Exercise brief
The part below that opens with the line containing "Appli Parts CON-145-330" and closes with the line containing "Термос спортивный Mallony" should be copied exactly, minus any pictures.

Material shown
####################

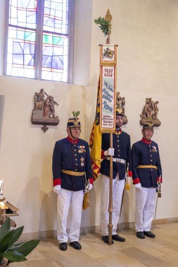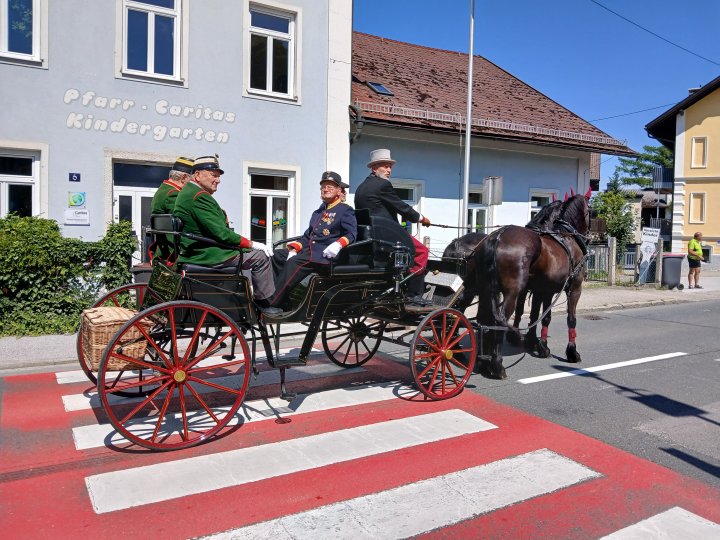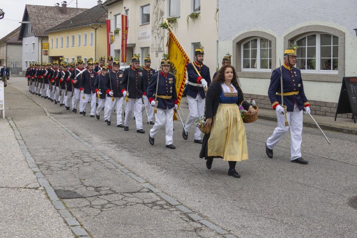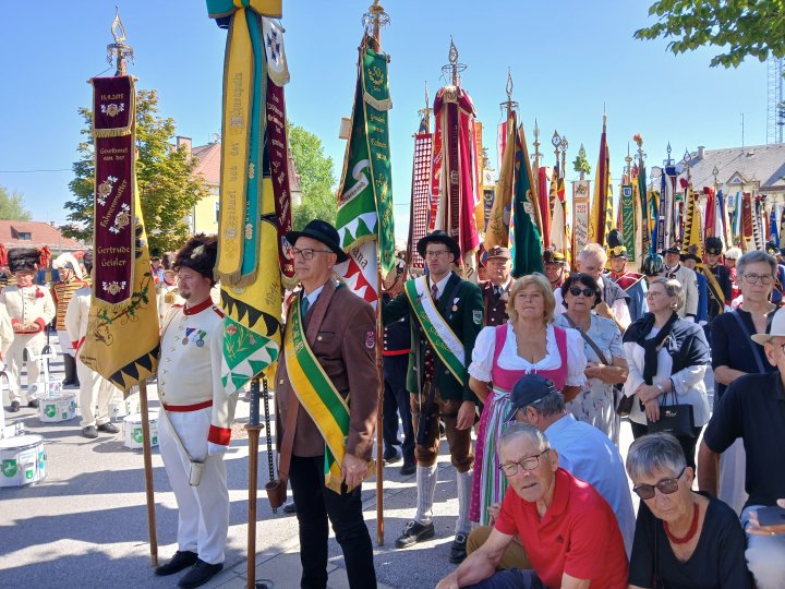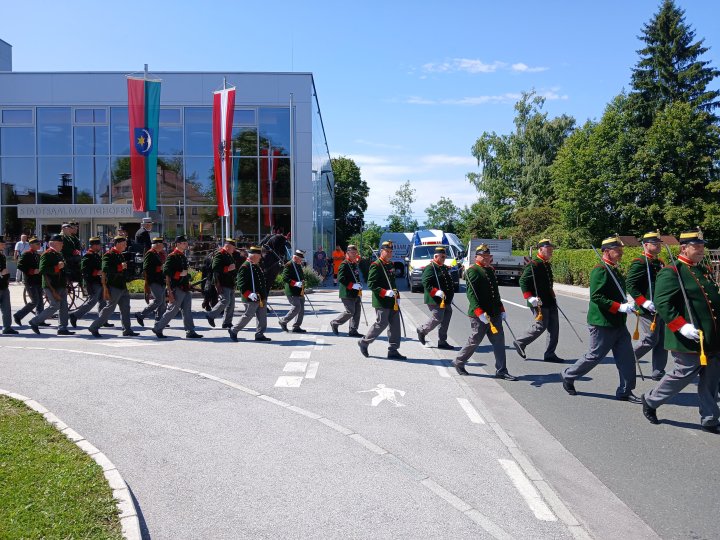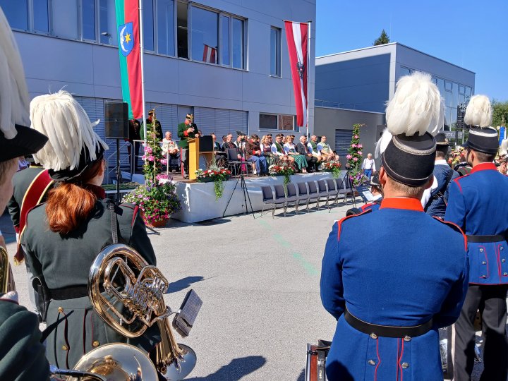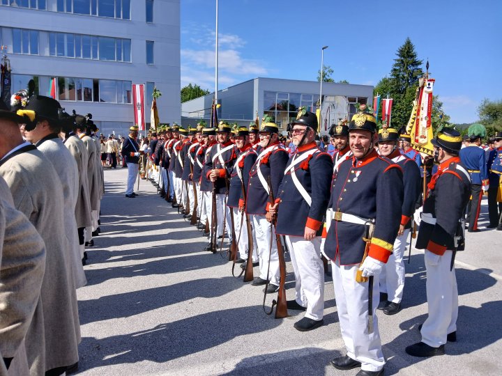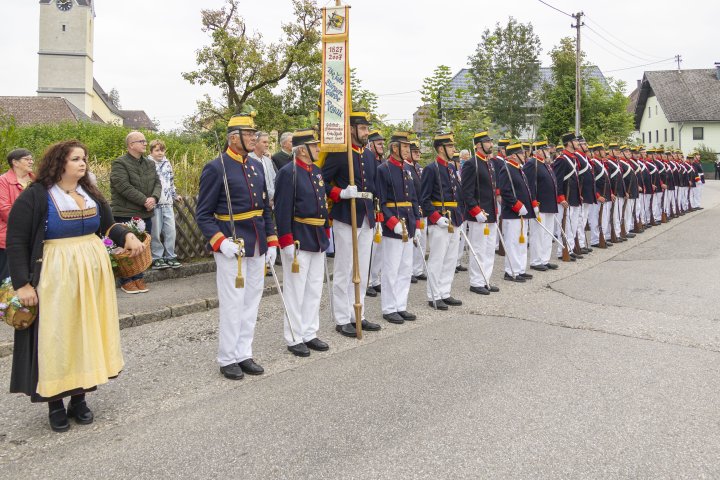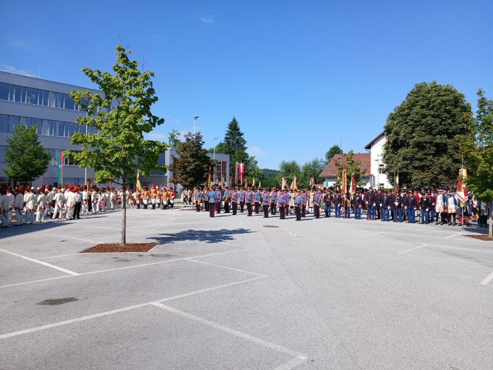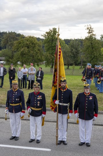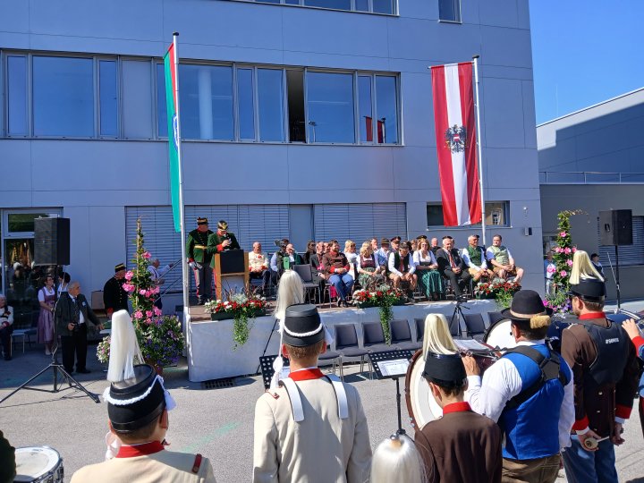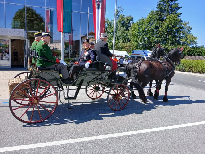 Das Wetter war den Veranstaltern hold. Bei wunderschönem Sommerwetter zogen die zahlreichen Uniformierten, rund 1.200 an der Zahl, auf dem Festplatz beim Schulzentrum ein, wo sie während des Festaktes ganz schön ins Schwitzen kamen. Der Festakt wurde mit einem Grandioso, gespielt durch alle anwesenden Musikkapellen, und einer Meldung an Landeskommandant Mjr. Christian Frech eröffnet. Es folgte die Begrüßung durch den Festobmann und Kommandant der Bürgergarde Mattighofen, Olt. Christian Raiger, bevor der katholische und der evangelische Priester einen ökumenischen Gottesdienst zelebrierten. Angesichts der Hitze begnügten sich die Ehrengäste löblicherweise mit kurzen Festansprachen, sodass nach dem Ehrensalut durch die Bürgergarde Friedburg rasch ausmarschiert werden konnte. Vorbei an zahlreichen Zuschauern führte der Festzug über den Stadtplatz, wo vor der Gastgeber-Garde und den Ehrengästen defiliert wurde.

####################

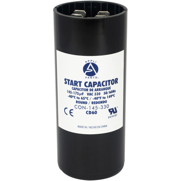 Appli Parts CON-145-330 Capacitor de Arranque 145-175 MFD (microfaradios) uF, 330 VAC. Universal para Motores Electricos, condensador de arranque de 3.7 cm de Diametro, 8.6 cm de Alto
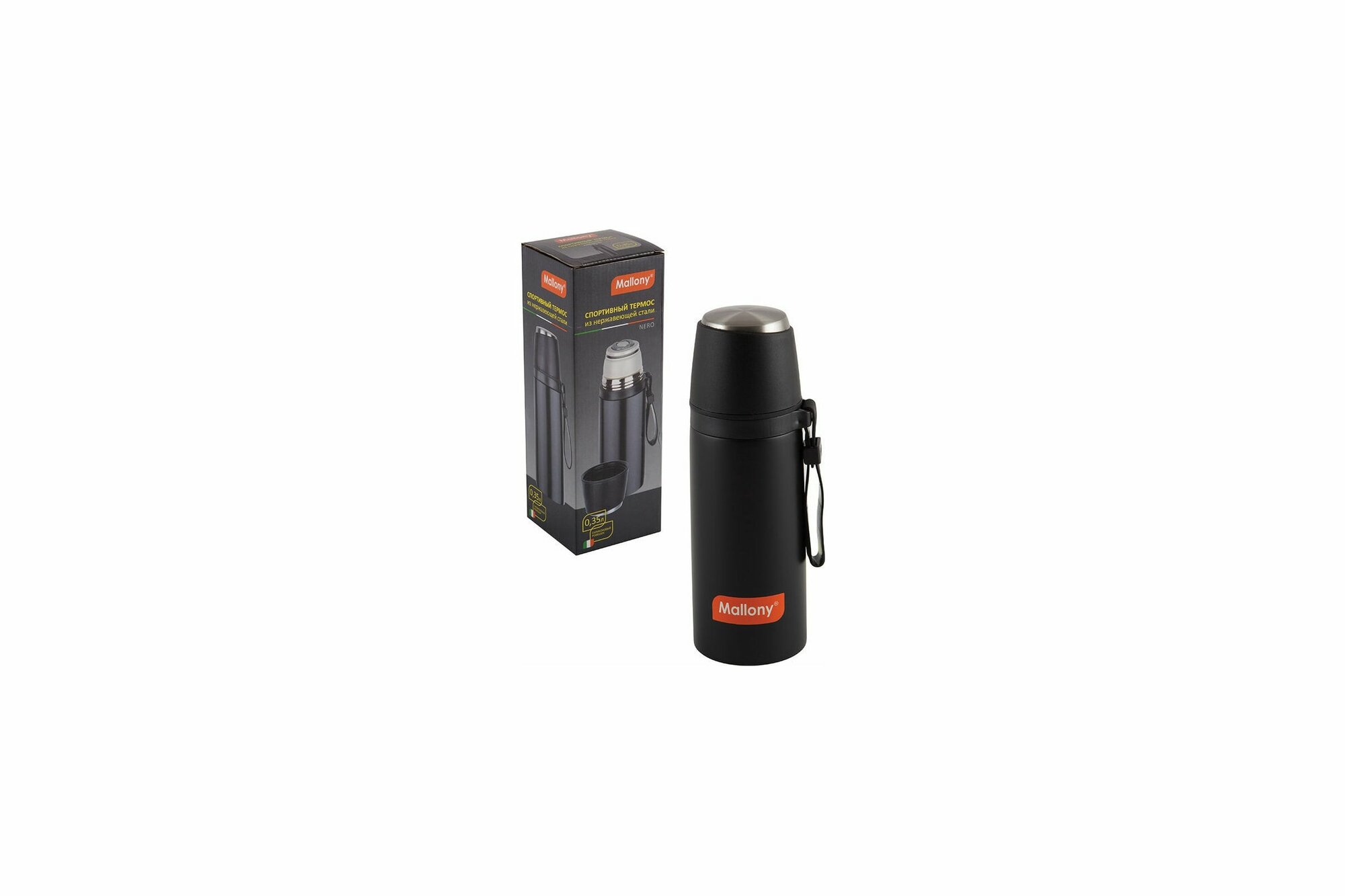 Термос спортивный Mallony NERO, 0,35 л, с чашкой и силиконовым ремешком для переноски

####################

Response area
 Appli Parts CON-145-330 Capacitor de Arranque 145-175 MFD (microfaradios) uF, 330 VAC. Universal para Motores Electricos, condensador de arranque de 3.7 cm de Diametro, 8.6 cm de Alto
 Термос спортивный Mallony NERO, 0,35 л, с чашкой и силиконовым ремешком для переноски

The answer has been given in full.